Against them stands the Mandate, a school of sorcerers who dream of the First Apocalypse every night. But no one listens to the Mandate; even the Mandate itself is unsure if the Consult still exists. The Holy War is the priority: a chance for the faithful Inrithi to crush the heathen Fanim, and for the Anagogic schools of Western sorcery to wipe out the mysterious eastern Cishaurim.

Pretty standard fantasy setting so far, right? It's not - the execution is wonderful - but the key is still missing.

Down from the north, wounded and confused, comes Anasurimbor Kellhus, one of the Dunyain monks: an order of cloistered savants who've bred themselves for pure rationality and perfect perception. Half Mentat, half Kwisatz Haderach, Kellhus is armed with the Probability Trance and perfect physical conditioning. He has been sent on a task by the Dunyain.

He finds that the people of the world, guided by their unexamined upbringings and blind loyalties, are like children to him. So he begins - gradually, inevitably - to subvert the Holy War to his own end.

Which you will not learn unless you read the books, which you will probably bounce right off of, but I still want to talk about them anyway.

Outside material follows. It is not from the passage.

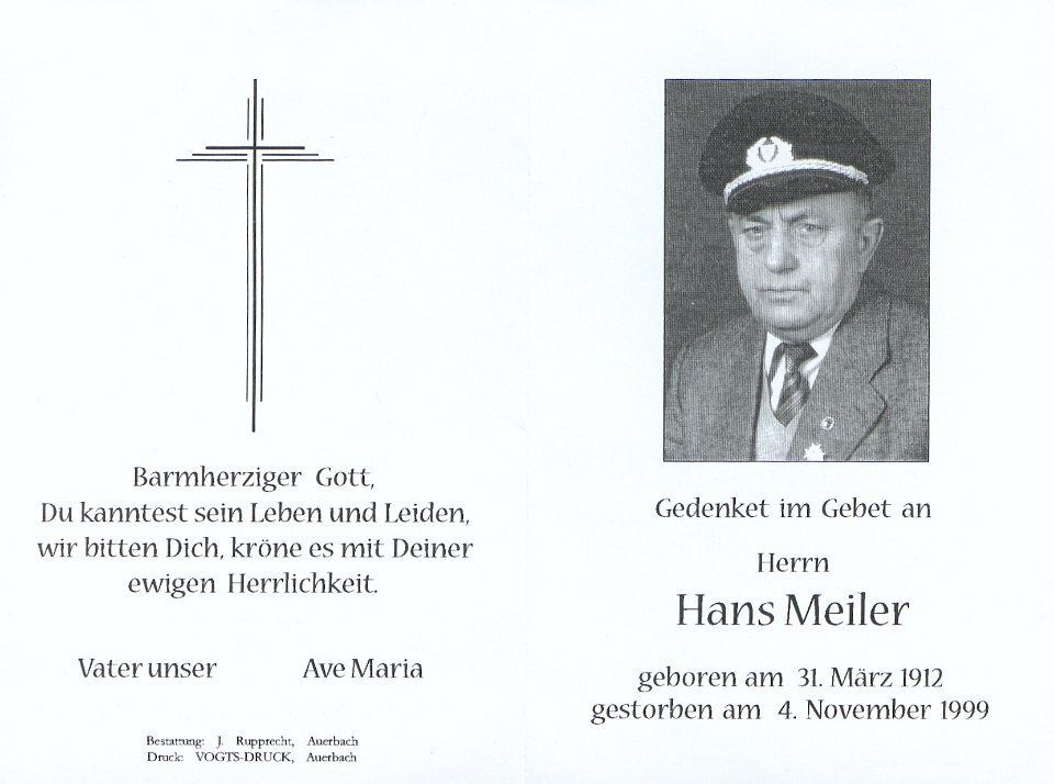 Meiler Hans 31.03.1912-04.11.1999 Meiler Helga geb. Frühbeißer 19.06.1954-21.04.2022 Meiler Johann 23.09.1894-14.11.1967 Meiler Karl 31.01.1887-01.02.1979

EDIT: So here's a random preview passage from one of his upcoming books in the setting (5 of a planned 9, tl;dr to the max amirite). His prose is okay but some of the imagery is cool and gives a taste of the weird metaphysics. I feel kind of guilty posting this because it wouldn't convince me to read the book, but whatever.

Quote
Dreams are only possessed upon waking, which is why men are so keen to heap words upon them after the fact. They engulf your horizons, pin your very frame to turbulent unreality. They are the hand that reaches behind the mountains, beyond the sky, beneath the deepest sockets of the earth. They are the ignorance that tyrannizes our every choice. Dreams are the darkness that only sleep can illuminate.

The old Wizard walked slots beneath mighty foundations. The stones, he knew, were among the oldest in the complex, part of the original structure raised by Carû-Ongonean, the third and perhaps the greatest of the Umeri God-Kings. Here... This was the place where the Nonmen of the famed Tutelage, the Siqû, had come to live among the Kûniüri. This was the place where the first Qûyan texts had been translated and stored, and where the first sorcerous School, the Sohonc, had been born.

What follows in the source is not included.